═══ EXERCISE DATA

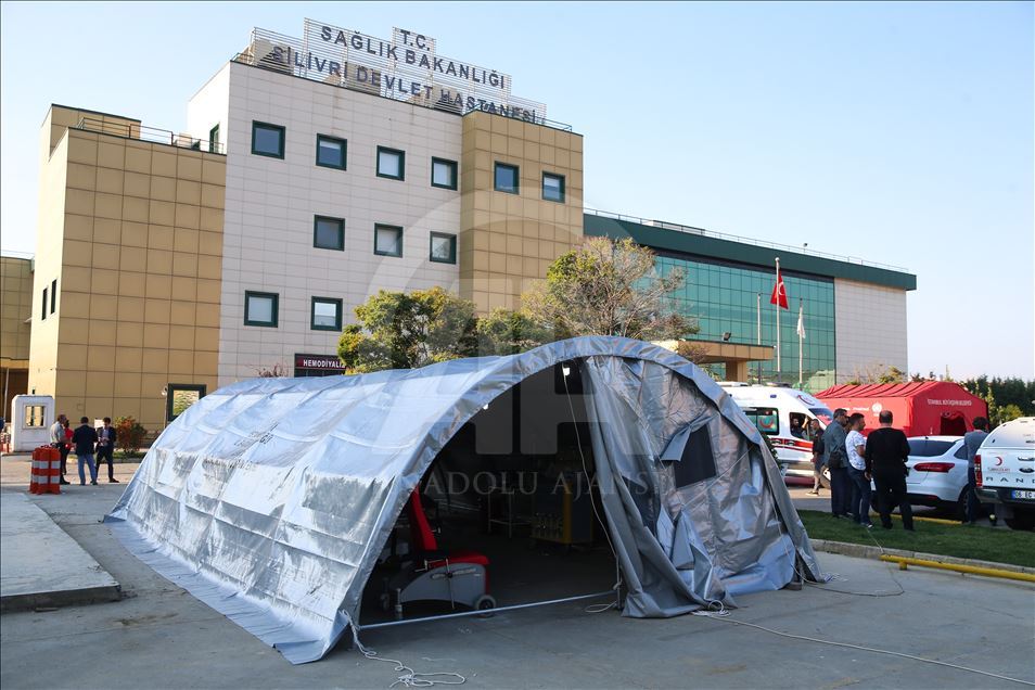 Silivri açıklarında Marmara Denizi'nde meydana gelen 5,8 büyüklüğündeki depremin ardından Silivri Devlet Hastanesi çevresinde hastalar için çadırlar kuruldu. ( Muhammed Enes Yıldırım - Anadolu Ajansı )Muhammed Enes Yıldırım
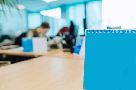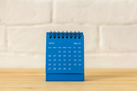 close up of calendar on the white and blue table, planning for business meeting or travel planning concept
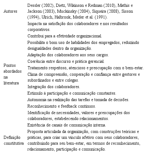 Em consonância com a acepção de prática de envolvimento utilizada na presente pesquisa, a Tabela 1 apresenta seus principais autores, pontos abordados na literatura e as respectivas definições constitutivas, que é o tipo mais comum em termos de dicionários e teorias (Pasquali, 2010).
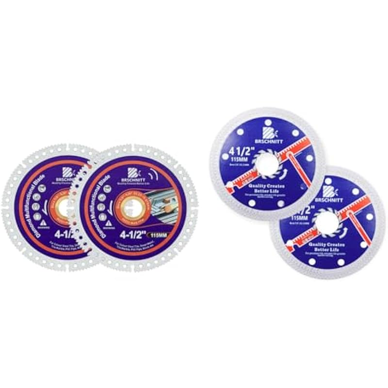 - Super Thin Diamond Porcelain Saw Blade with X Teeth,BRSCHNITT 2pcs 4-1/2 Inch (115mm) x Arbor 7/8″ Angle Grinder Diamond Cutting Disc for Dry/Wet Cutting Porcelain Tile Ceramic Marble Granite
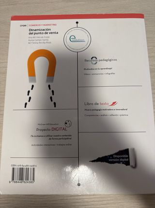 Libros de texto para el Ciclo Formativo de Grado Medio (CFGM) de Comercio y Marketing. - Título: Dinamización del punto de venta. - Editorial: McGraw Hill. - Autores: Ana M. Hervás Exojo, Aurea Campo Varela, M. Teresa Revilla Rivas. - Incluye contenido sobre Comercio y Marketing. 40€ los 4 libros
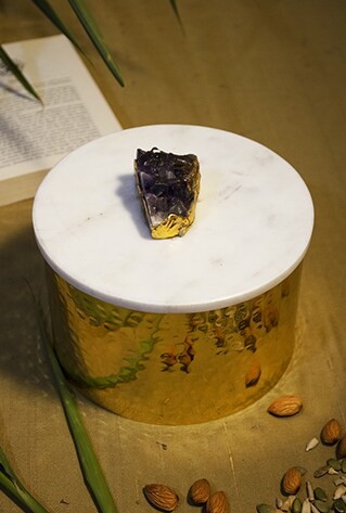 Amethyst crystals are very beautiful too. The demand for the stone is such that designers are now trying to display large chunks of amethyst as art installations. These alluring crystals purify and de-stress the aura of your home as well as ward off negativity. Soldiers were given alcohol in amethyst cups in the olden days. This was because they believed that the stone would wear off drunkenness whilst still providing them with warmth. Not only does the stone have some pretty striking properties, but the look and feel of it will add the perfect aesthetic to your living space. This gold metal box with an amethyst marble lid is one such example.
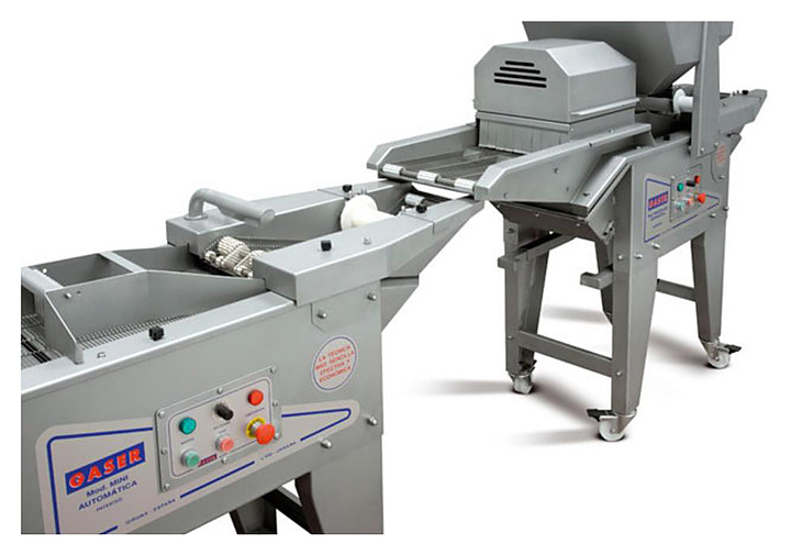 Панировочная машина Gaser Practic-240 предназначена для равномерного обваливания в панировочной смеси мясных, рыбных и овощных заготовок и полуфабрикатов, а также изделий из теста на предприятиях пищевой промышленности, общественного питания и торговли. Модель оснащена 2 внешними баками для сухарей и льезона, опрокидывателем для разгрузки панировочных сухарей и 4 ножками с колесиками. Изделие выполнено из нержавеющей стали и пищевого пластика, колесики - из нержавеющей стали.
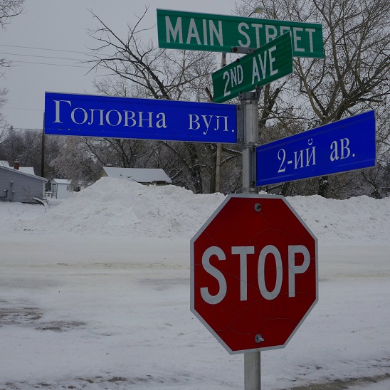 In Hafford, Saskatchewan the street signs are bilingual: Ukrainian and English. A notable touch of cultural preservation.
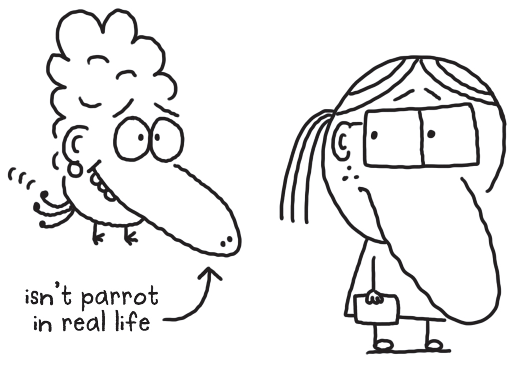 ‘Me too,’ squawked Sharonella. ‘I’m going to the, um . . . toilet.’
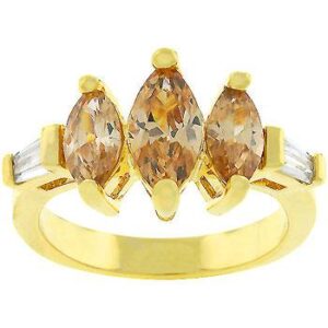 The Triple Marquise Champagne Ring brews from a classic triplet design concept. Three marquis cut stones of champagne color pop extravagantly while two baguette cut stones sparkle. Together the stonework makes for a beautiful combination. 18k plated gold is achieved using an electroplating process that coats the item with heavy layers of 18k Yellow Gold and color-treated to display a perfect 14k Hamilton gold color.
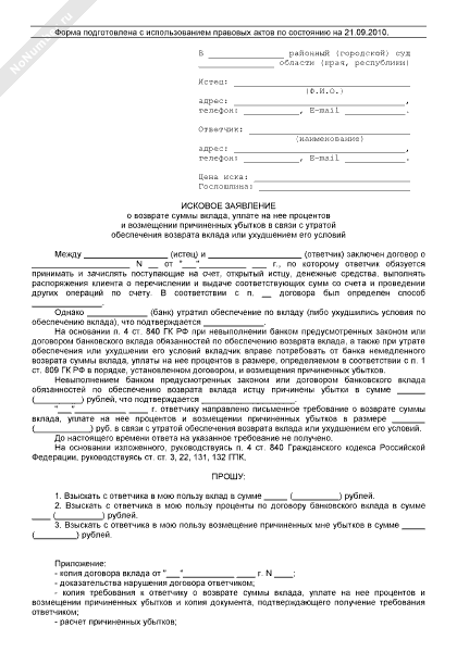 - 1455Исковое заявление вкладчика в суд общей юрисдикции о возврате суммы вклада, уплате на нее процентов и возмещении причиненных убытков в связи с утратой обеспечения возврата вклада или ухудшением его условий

══════

# WHAT THE TASK ASKS
Leaving out the pictures, print each line of the records above from the first up to and including the one that contains "close up of", exactly as written.

# RESULT OF THIS EXERCISE
 Silivri açıklarında Marmara Denizi'nde meydana gelen 5,8 büyüklüğündeki depremin ardından Silivri Devlet Hastanesi çevresinde hastalar için çadırlar kuruldu. ( Muhammed Enes Yıldırım - Anadolu Ajansı )Muhammed Enes Yıldırım
 close up of calendar on the white and blue table, planning for business meeting or travel planning concept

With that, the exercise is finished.